Argyro Chioti The Frogs by Aristophanes

Streaming live from the Ancient Theatre of Epidaurus, Greece | www.livefromepidaurus.gr

10 July, 21:00 (GMT +3) | An Athens Epidaurus Festival production

As the world is still reeling from the pandemic and exploring new ways to re-ignite theatre in the COVID-19 era, the Athens Epidaurus Festival invites international audiences to the most beautiful theatre of the ancient world for a live broadcast of Aristophanes’ comic masterpiece The Frogs, by acclaimed director Argyro Chioti in her Ancient Theatre of Epidaurus debut. The play includes a stellar cast of renowned Greek theatre actors and a strikingly original musical performance.

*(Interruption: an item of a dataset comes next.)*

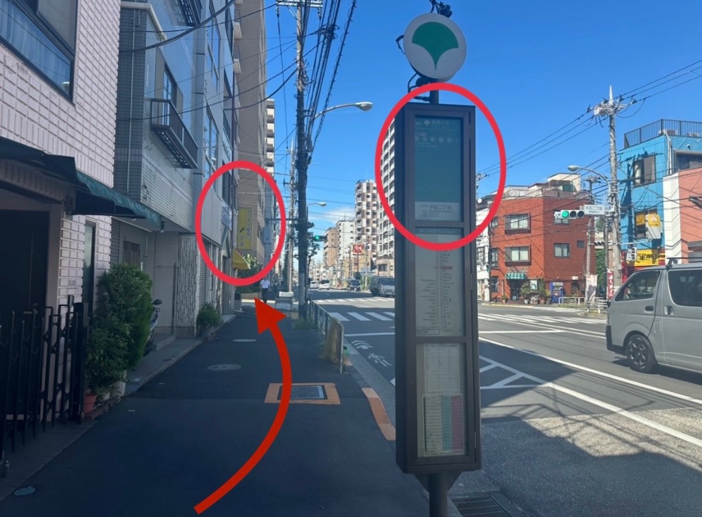 ⑦ 最初①の「コージーコーナー」からここまで約12分直進して来ますと『千石二丁目』のバス停があります。

Following last year’s hugely successful live streaming of The Persians by the National Theatre of Greece, watched by over 100,000 viewers worldwide, The Frogs will be streamed live on July 10 at 21:00 Athens time (GMT +3), with the support of the Hellenic Ministry of Culture and Sports, in collaboration with Google Greece. The performance will be available worldwide (with the exception of Greece) and exclusively through livefromepidaurus.gr and at the Festival’s official YouTube channel, Athens Epidaurus Festival, free of charge, although donations are welcome. The performance will be in Greek, with English subtitles, and lasts approximately 1 hour and 45 minutes.

Written in 405 BC, at the end of the Golden Age of Pericles, The Frogs is one of Aristophanes’ timeless and most beloved masterworks. The play tackles the descent of god Dionysus to the Underworld, where he embarks on a quest to bring the best tragic poet back to the world of the living, in an attempt to restore theatre to its former glory. Thank to this play, culminating in an iconic scene of poetic “duel” between Aeschylus and Euripides, Aristophanes provides a scathing commentary on the bankrupt political values of his time. A delightful gem by a writer whose work remains as relevant as ever.

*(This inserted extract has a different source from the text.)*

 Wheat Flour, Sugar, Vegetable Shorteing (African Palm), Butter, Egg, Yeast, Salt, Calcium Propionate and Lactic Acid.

Artistic Director, Katerina Evangelatos, says:
“We are overjoyed to be able to digitally welcome, for a second year, international audiences to the most iconic ancient theatre. We all have the chance to experience an ancient Greek comedy through the eyes of a young female director, Argyro Chioti, who is making her Epidaurus debut. Aristophanes’ The Frogs is a thoroughly amusing play that also provides food for thought, as it ponders the roles of Poetry during turbulent times”.

Director Argyro Chioti says: “Plunging into a comic Underworld, where everything is light and fluid, the characters in The Frogs dance and sing on tiptoe. Poetry becomes the goal, a means of uplifting their heart and mind”.